When I was growing up a Frisbee was a popular toy for a friend and me. We would drive to the park and toss the Frisbee for hours. It was teamwork to keep it afloat and not allow it to touch the ground, yet make it fun enough to be more than just a back and forth straight line. We would practice different techniques of throwing. A few years ago Frisbee golf was a popular sport. I think I would have enjoyed it but due to weight and health issues I was unable to participate. Isn’t life after weight loss surgery like a Frisbee? There is so much you can do with it as long as you participate, practice and use you support people to solidify your team. Work together, focus and keep tossing your best shots!

There are other childhood memories I have; such as a Mrs. Beasley doll. Boy wouldn’t that poke-a-dot blue dressed blonde haired bombshell be worth a lot of money these days? How about Raggedy Ann and Andy? I had a pink dressed blonde haired doll I think was called Chatty Cathy. Then there was Smoky the Bear! He ended up being a disappointment. He talked---once. I pulled the string that was attacked to his butt. The ring tied to the string came off and the string coiled into his rear end. He never talked to me again. I guess some people are like that too. I often wonder what happened with people who were once active in my life and very special in my heart and they just faded away like Smoky’s string. I didn’t toss Smoky, but I had to fill my days with other things if I wanted the same results I expected from Smoky. Sometimes it takes years to accept Smoky will never talk again and you must move on in order to edify your life. Where is Smoky now? I don’t know. I lost touch with him, but I still carry his influence with me and have a special place in my heart for him. I’m disappointed, but richer for having him in my life. His place in my heart lives forever, just like those special people.

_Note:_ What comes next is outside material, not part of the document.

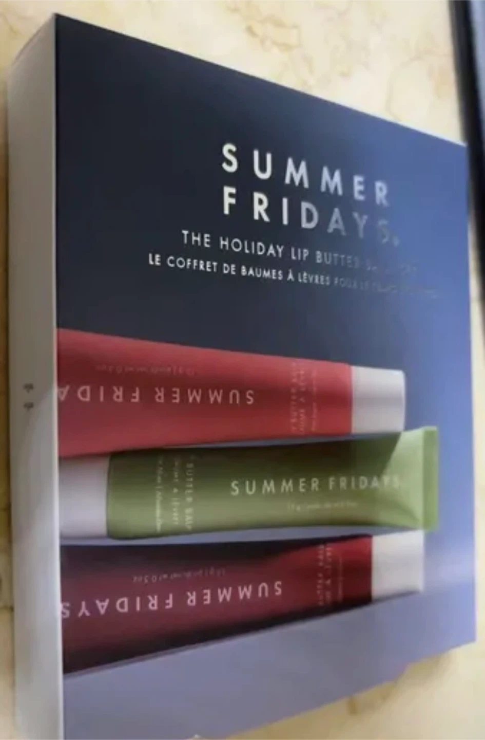 This set includes three Summer Fridays Lip Butter Balms. Each balm is 0.5 oz and comes in a colored tube. They're vegan and great for on-the-go.

As you think of your childhood memories I hope you will find the air in your balloon doesn’t seep out and scream, but remains full and floating. I hope your bed only has a right side and you can deal with the ups and downs of life and progress at a comfortable but challenging pace. I hope you balance your activities of work and home and when you get out of balance you get back on and pedal towards your goals. Take all the turns and falls and rough terrain and turn them into positive progress. Project your dreams and desires and fulfill them through focus and whatever means it takes. Even on those days when you don’t feel like being positive and optimistic, put things into perspective and learn. Use your support to toss around those ideas, plans and actions to keep you strong in your game plan. Between both of you, you can find new techniques to toss that “frisbee of life” for more fun and new heights.

Last I hope you take that Smoky the Bear and learn from him; even if he does disappoint you and not live up to you expectations and hopes, because things change. Hold in your heart the lessons he taught in the time he was active in your life. Love him always, never toss him out and revise the energy you spend on him. Just the memories of your times with him may bring a ray of sunshine, a sliver of hope and a nudge of confidence. Recognize that grin as a sign of the influence he had. Besides, others may benefit from what Smoky gave you – once.

When patterns are broken, new worlds emerge.